結界の補修は無事に終わり、仮にこのまま放っておいたとしても、それなりの年月保つことができるだろう。
職務をまっとうしての、晴れやかな帰還である。
かつては、この日が来ることを恐れていたアンジェリアだったが、今はもう違う。
アンジェリアもベルナルドと共に王都に行くことになり、アンジェリアにとっても晴れやかな旅立ちの日なのだ。
「カプリス様……今まで、お世話になりました」
「アンジェリア……元気で、体に気をつけるのですよ。どうか、幸せに……」
涙ながらに、アンジェリアはカプリスと別れの挨拶を交わす。
幼い頃からずっと共に過ごしてきたカプリスは、アンジェリアにとっては祖母のような存在だ。
カプリスにとっても、可愛い孫娘を嫁に出すような気分なのだろう。
「カプリス神官も、気が変わったらいつでも王都に来てくれ」
ベルナルドが、アンジェリアに寄り添いながら、カプリスに声をかける。
最初は、カプリスも共に王都で暮らさないかと持ちかけたのだ。だが、カプリスは王都よりも、慣れたこの地でひっそりと暮らしたいと答えた。
「はい、ありがとうございます。どうか、アンジェリアのことをよろしくお願いいたします」
「ああ、アンジェリアは幸せにする。結界の様子を見がてら、ときどきはアンジェリアと共にこの地にやって来るから、息災でいてくれ」
「はい、私はずっとこの神殿にいて、お待ちしております。これからも、この神殿は変わらないでしょう」
「……次に来たとき、現在は神殿長となっている領主が、どうなっているかはわからないがな」
ぼそりとベルナルドが呟いた言葉に、カプリスは怪訝そうな顔をする。しかし、何かを言うことはなかった。
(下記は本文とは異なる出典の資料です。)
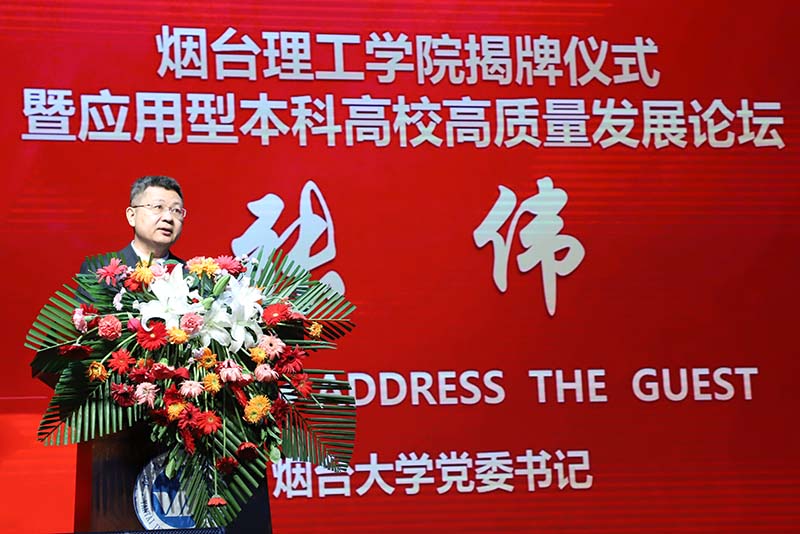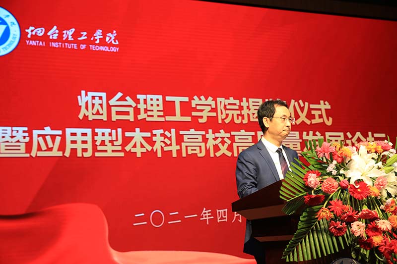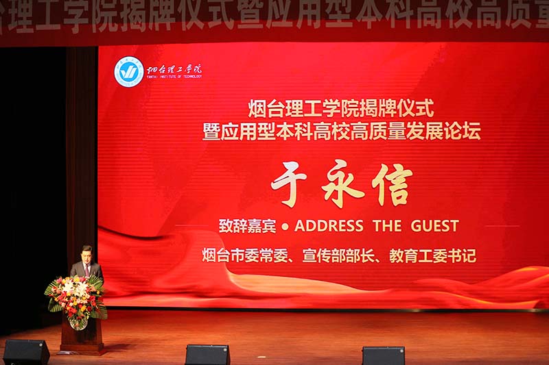 煙臺市委常委、宣傳部部長、教育工委書記于永信在致辭中贊賞了煙臺理工學(xué)院對煙臺大學(xué)優(yōu)秀辦學(xué)基因的傳承和一直以來為煙臺市經(jīng)濟(jì)發(fā)展做出的重大貢獻(xiàn)。他表示,煙臺市委市政府將一如既往支持煙臺理工學(xué)院的建設(shè)與發(fā)展。他希望,煙臺理工學(xué)院以轉(zhuǎn)設(shè)為契機(jī),不斷開拓創(chuàng)新,繼續(xù)為煙臺市、山東省乃至全國培養(yǎng)優(yōu)秀人才。

アンジェリアはベルナルドから、領主が無条件で神殿長になるという習慣を変えようとしているのだと聞いていた。法力の有無だけではなく、やる気もないような輩に結界を任せてはおけない、とのことだ。
特に、領主の息子であるエジリオは、次期神殿長などと言っていたが、その座から降りてもらうと、ベルナルドは断言していた。
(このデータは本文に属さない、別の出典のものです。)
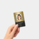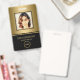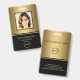 Modernes Foto-Geschäft mit Foto auf goldenem Hintergrund und Logo. Zusätzliche Informationen können auf der Rückseite dieses Business-ID-Abzeichens hinzugefügt werden
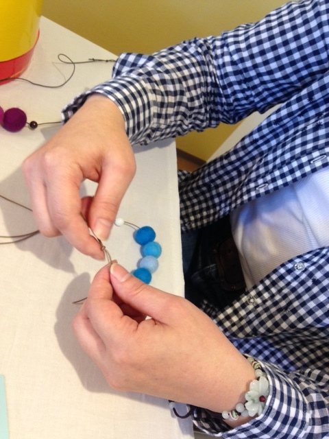 色とりどりのフェルトボールの中から色を選んでいらっしゃるお客さまはみなさんとても楽しそうです。
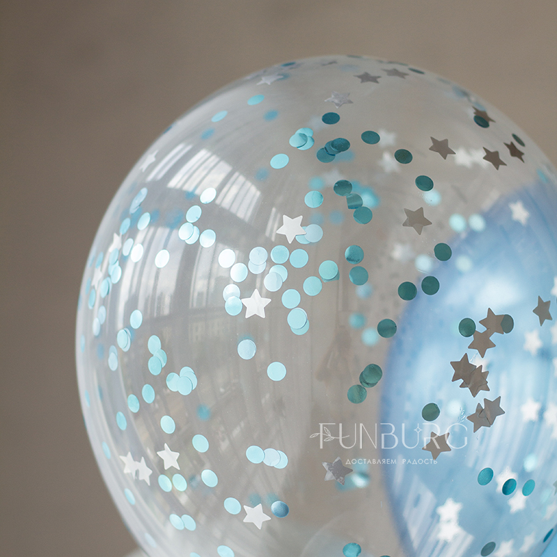 Готовый стильный набор для украшения праздника или подарка на день рождения! Красивая сатиновая цифра 4 в форме забавной акулы и тематическая связка шариков под цвет, с стеклянным шаром с поздравлением (надпись можно сделать любой), кругами из фольги и шариками с конфетти.

ビビアーナは、あれからアンジェリアと顔を合わせることはなかった。
結界が崩壊しかけた日、神殿に戻ろうとするアンジェリアに、ごめんなさいと言ったきりだった。
聞くところによると、法力をコントロールできるよう訓練をしているそうだ。結界を崩壊させかけたことが、よほどこたえたらしい。
ビビアーナにはおぞましい要求をされ、恐ろしい思いをしたが、それでも落ち込んでいる姿を見ると、アンジェリアは責める気になれず、ベルナルドにも何も言わなかった。
良い方向に進んでくれるよう、アンジェリアは祈るだけだ。
「さて、そろそろ行くか。……俺の両親も、いつ帰ってくるんだとうるさいしな」
ベルナルドは苦笑しながら呟く。
補佐役であるジーノは、根回しとしてアンジェリアのことをしたためた手紙を、ベルナルドの両親に送ったらしい。
すると、即座にベルナルドの両親から、法力で連絡が入ったのだ。
遠隔地への念話は、かなりの法力と緻密なコントロールが必要とされるため、緊急時以外には滅多に使われることがない。だが、これぞ緊急事態だといわんばかりに、両親は念話をベルナルドに送ってきた。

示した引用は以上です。